DATA BELOW
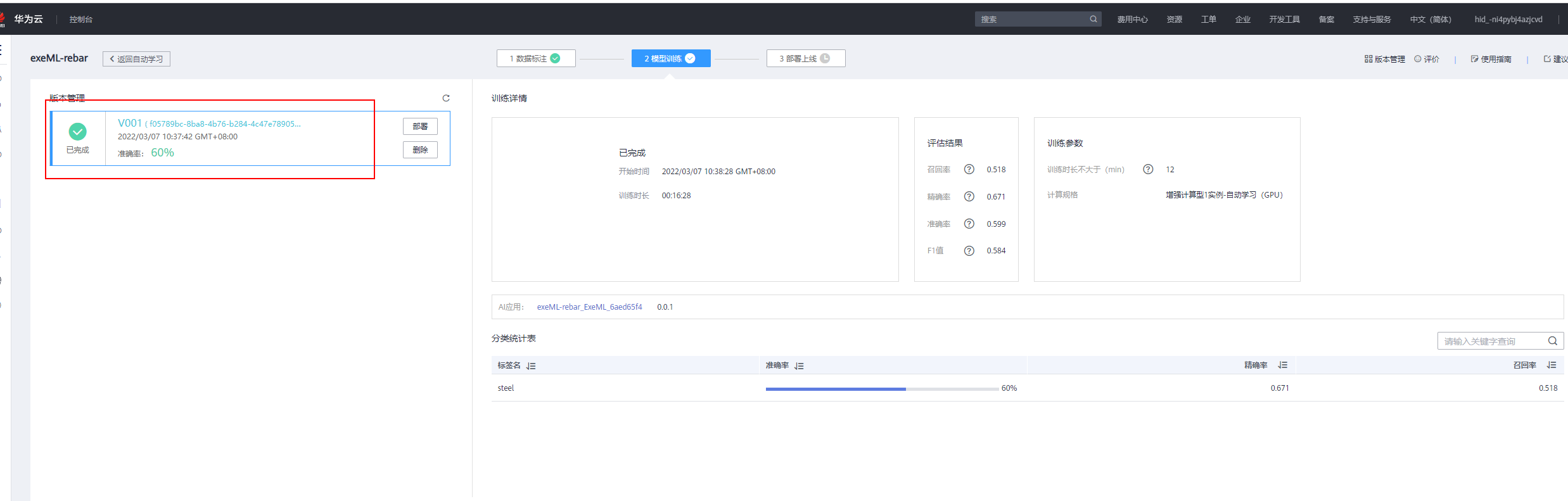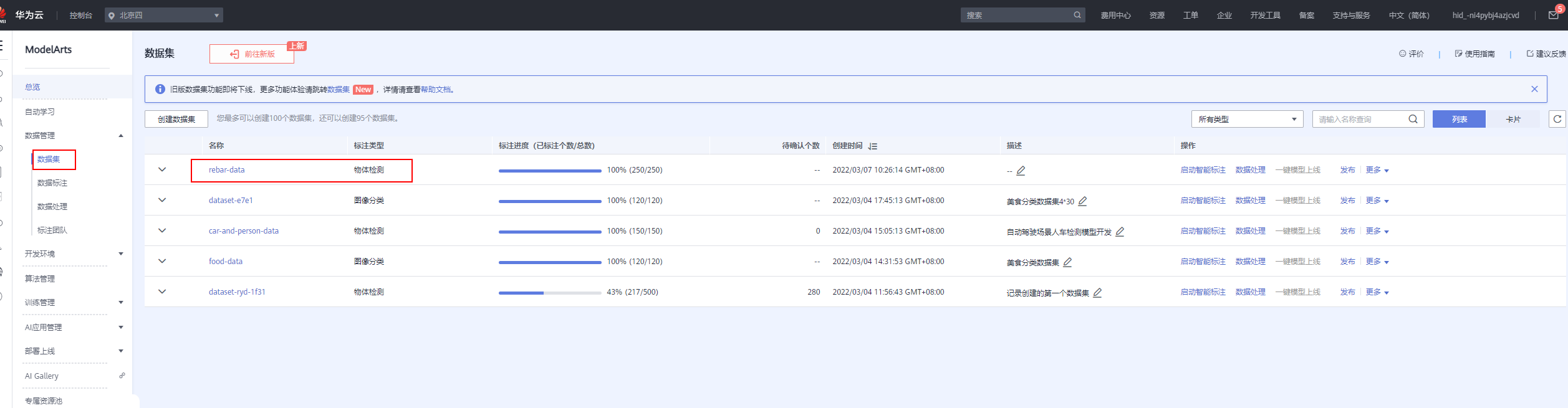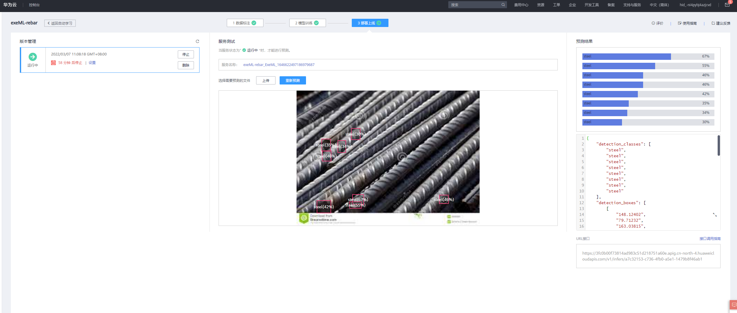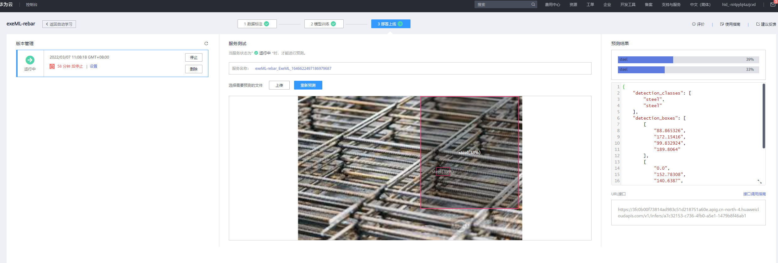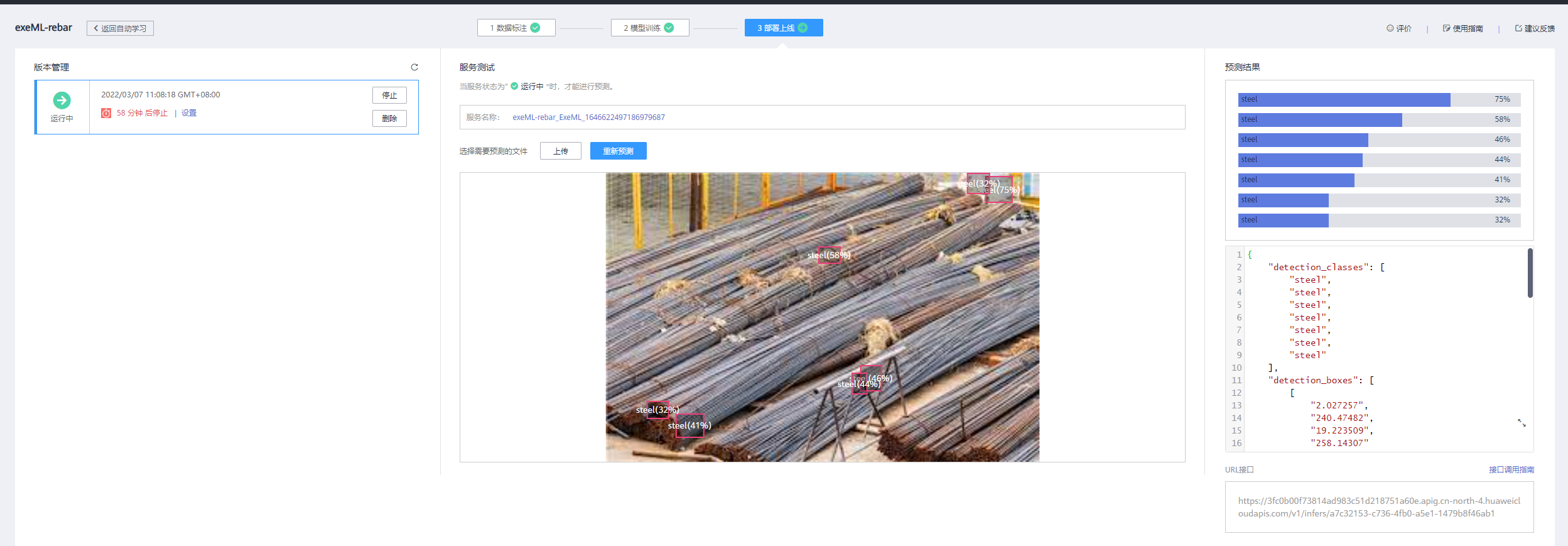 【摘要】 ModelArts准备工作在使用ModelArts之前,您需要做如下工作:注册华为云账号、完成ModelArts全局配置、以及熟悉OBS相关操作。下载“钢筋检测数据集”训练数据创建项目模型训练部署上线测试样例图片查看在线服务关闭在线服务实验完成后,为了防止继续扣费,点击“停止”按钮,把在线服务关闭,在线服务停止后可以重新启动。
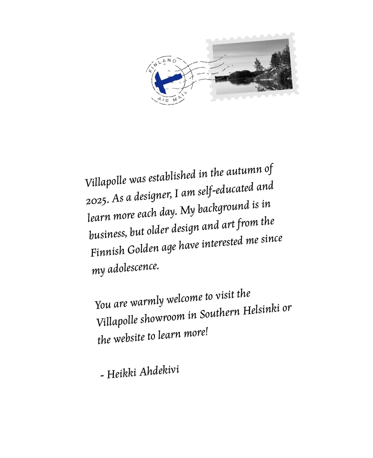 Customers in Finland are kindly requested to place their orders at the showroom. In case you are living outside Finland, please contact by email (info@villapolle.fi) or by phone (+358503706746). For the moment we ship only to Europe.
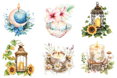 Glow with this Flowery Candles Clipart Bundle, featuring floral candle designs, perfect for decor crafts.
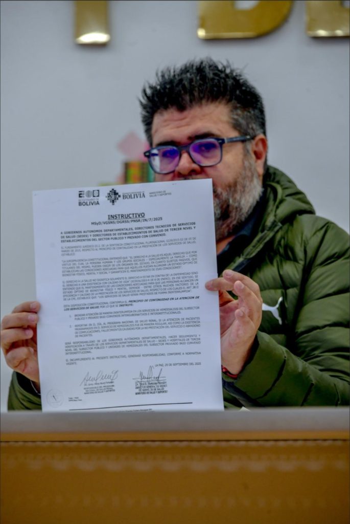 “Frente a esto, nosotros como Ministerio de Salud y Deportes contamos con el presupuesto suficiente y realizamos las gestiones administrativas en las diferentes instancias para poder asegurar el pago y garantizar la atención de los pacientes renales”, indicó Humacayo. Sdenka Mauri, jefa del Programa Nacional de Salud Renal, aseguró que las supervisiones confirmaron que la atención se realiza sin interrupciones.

WHAT THIS TASK INVOLVES
Would you print all of the material exactly as written, minus the pictures?

PROBLEM SOLUTION
 【摘要】 ModelArts准备工作在使用ModelArts之前,您需要做如下工作:注册华为云账号、完成ModelArts全局配置、以及熟悉OBS相关操作。下载“钢筋检测数据集”训练数据创建项目模型训练部署上线测试样例图片查看在线服务关闭在线服务实验完成后,为了防止继续扣费,点击“停止”按钮,把在线服务关闭,在线服务停止后可以重新启动。
 Customers in Finland are kindly requested to place their orders at the showroom. In case you are living outside Finland, please contact by email (info@villapolle.fi) or by phone (+358503706746). For the moment we ship only to Europe.
 Glow with this Flowery Candles Clipart Bundle, featuring floral candle designs, perfect for decor crafts.
 “Frente a esto, nosotros como Ministerio de Salud y Deportes contamos con el presupuesto suficiente y realizamos las gestiones administrativas en las diferentes instancias para poder asegurar el pago y garantizar la atención de los pacientes renales”, indicó Humacayo. Sdenka Mauri, jefa del Programa Nacional de Salud Renal, aseguró que las supervisiones confirmaron que la atención se realiza sin interrupciones.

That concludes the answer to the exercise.